**What to produce:** Copy without pictures. Please restate each line of the listing exactly.

**Given information:**
-- Opening Marker --

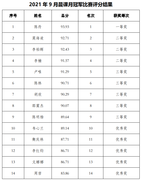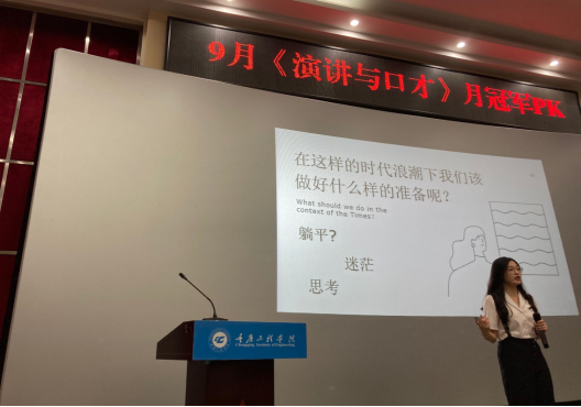 本网讯(文/图 大学生素质教育中心)2021年9月26日下午,大学生素质教育中心在行政楼阶梯报告厅举行了9月晨课演讲月冠军决赛。本次决赛邀请到了大学生素质教育中心邹春霞教授、刘皓月老师、优秀学生代表担任评委,本次参赛选手由各二级学院推荐院级比赛中的前两名同学组成。
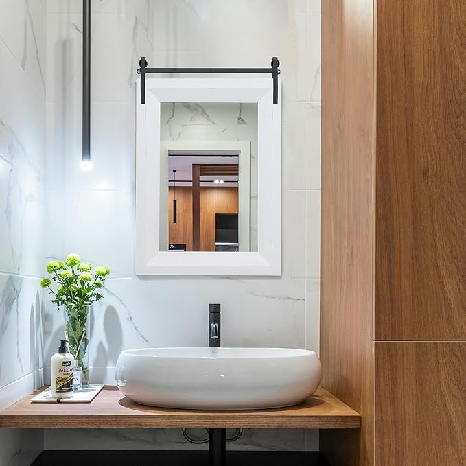 - 【Premium Solid Wood Frame】The frame of the farmhouse mirror is made of premium fir wood with oil-based paint to prevent scratches and ensure durability and resistance to moisture. The solid wood frame gives the rustic mirror a sturdy and authentic look, adding a touch of farmhouse appeal to the bathroom, living room, powder room, entryway, hallways, bedroom, dressing room, garden, courtyard, etc.
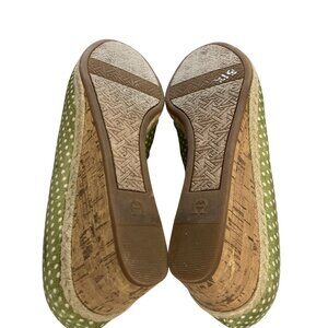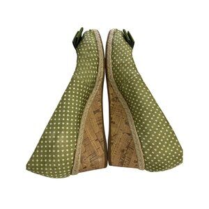 Etienne Aigner Size 7.5M Green Polka Dot Fabric Wedge Peep Toe cork heel Shoes
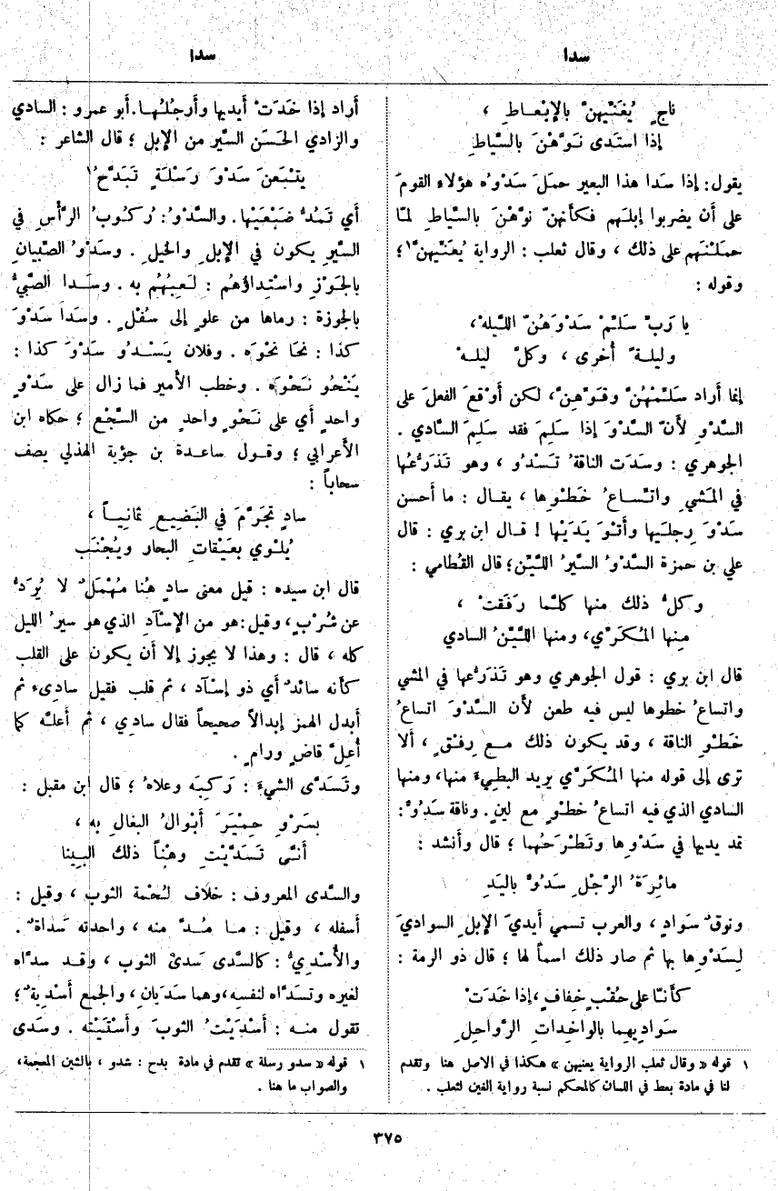 قَالَ ابْنُ سِيدَهْ: قِيلَ مَعْنَى سادٍ هُنا مُهْمَلٌ لَا يُرَدُّ عَنْ شُرْبٍ، وَقِيلَ: هُوَ مِنَ الإِسْآدِ الَّذِي هُوَ سيرُ اللَّيْلِ كُلِّهِ، قَالَ: وَهَذَا لَا يَجُوزُ إِلَّا أَن يَكُونَ عَلَى الْقَلْبِ كأَنه سائدٌ أَي ذُو إسْآد، ثم قلب فقيل سادِئ ثُمَّ أَبدل الْهَمْزَ إَبْدَالًا صحيحا فقال سادِي، ثم أعلَّه كَمَا أُعِلَّ قاضٍ ورامٍ. وتَسَدَّى الشيءَ: رَكِبَه وعلاهُ؛ قَالَ ابْنُ مُقْبِلٍ:

-- Closing Marker --

**Result of the exercise:**
 本网讯(文/图 大学生素质教育中心)2021年9月26日下午,大学生素质教育中心在行政楼阶梯报告厅举行了9月晨课演讲月冠军决赛。本次决赛邀请到了大学生素质教育中心邹春霞教授、刘皓月老师、优秀学生代表担任评委,本次参赛选手由各二级学院推荐院级比赛中的前两名同学组成。
 - 【Premium Solid Wood Frame】The frame of the farmhouse mirror is made of premium fir wood with oil-based paint to prevent scratches and ensure durability and resistance to moisture. The solid wood frame gives the rustic mirror a sturdy and authentic look, adding a touch of farmhouse appeal to the bathroom, living room, powder room, entryway, hallways, bedroom, dressing room, garden, courtyard, etc.
 Etienne Aigner Size 7.5M Green Polka Dot Fabric Wedge Peep Toe cork heel Shoes
 قَالَ ابْنُ سِيدَهْ: قِيلَ مَعْنَى سادٍ هُنا مُهْمَلٌ لَا يُرَدُّ عَنْ شُرْبٍ، وَقِيلَ: هُوَ مِنَ الإِسْآدِ الَّذِي هُوَ سيرُ اللَّيْلِ كُلِّهِ، قَالَ: وَهَذَا لَا يَجُوزُ إِلَّا أَن يَكُونَ عَلَى الْقَلْبِ كأَنه سائدٌ أَي ذُو إسْآد، ثم قلب فقيل سادِئ ثُمَّ أَبدل الْهَمْزَ إَبْدَالًا صحيحا فقال سادِي، ثم أعلَّه كَمَا أُعِلَّ قاضٍ ورامٍ. وتَسَدَّى الشيءَ: رَكِبَه وعلاهُ؛ قَالَ ابْنُ مُقْبِلٍ:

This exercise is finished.